In 1821 Norwich Duff, a young British Naval officer, visiting Clermont-en-Argonne, walked up to the telegraph station there and engaged the signalman in conversation. Here is his note of the man's information:
The pay is twenty five sous per day and he [the signalman] is obliged to be there from day light till dark, at present from half past three till half past eight; there are only two of them and for every minute a signal is left without being answered they pay five sous: this is a part of the branch which communicates with Strasburg and a message arrives there from Paris in six minutes it is here in four.
Description [edit]
The Chappe brothers determined by experiment that it was easier to see the angle of a rod than to see the presence or absence of a panel.

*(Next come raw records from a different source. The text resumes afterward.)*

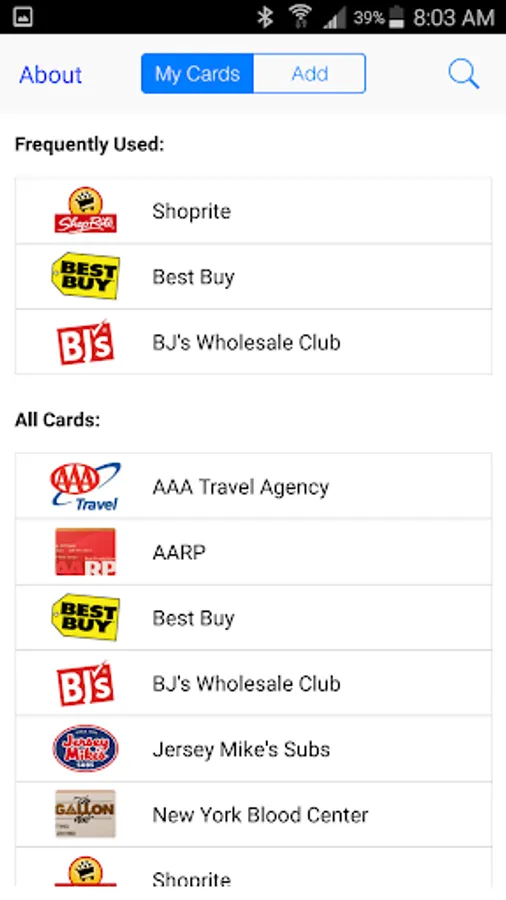 Once added, the app keeps track of usage and provides a frequently used section plus an alphabetical list of all your cards. Just tap the card and scan at checkout. Nothing complicated.
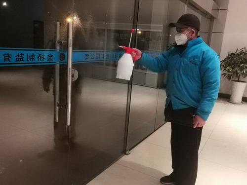 孫正柱為辦公樓入口進行消毒
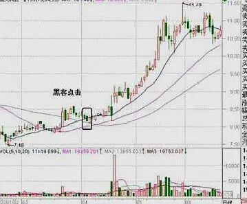 如果K线收阴,回落的股价恰好落在13日均线与55日均线的结点处,即"黑客占击"形态成立。

Their semaphore was composed of black movable wooden arms, the position of which indicated alphabetic letters. With counterweights (named forks) on the arms, the Chappe system was controlled by only two handles and was mechanically simple and reasonably robust. Each of the two 2-metre-long arms showed seven positions, and the 4.6-metre-long cross bar connecting the two arms had four different angles, for a total of 196 symbols (7x7x4). Night operation with lamps on the arms was unsuccessful.
To speed up transmission and to provide some semblance of security a code book was developed for use with semaphore lines. The Chappes' corporation used a code that took 92 of the basic symbols two at a time to yield 8,464 coded words and phrases.
From 1803 on, the French also used the 3-arm Depillon semaphore at coastal locations to provide warning of British incursions.
Sweden [edit]
At the same time as Chappe, the Swedish inventor Abraham Niclas Edelcrantz experimented with the optical telegraph in Sweden. In 1794 he inaugurated his telegraph with a poem dedicated to the Swedish King on his birthday. The message went from the Palace in Stockholm to the King at Drottningholm.
Edelcrantz eventually developed his own system which was quite different from its French counterpart and nearly twice as fast. The system was based on ten collapsible iron shutters. The various positions of the shutters formed combinations of numbers which were translated into letters, words or phrases via codebooks. The telegraph network consisted of telegraph stations positioned at about 10 kilometres (6.2 mi) from one another.
Soon telegraph circuits linking castles and fortresses in the neighbourhood of Stockholm were set up and the system was extended to Grisslehamn and Åland. Subsequently telegraph circuits were introduced between Gothenburg and Marstrand, at Helsingborg and between Karlskrona and its fortresses. Sweden was the second country in the world, after France, to introduce an optical telegraph network. The Swedish optical telegraph network was restricted to the archipelagoes of Stockholm, Gothenburg and Karlskrona. Like its French counterpart, it was mainly used for military purposes.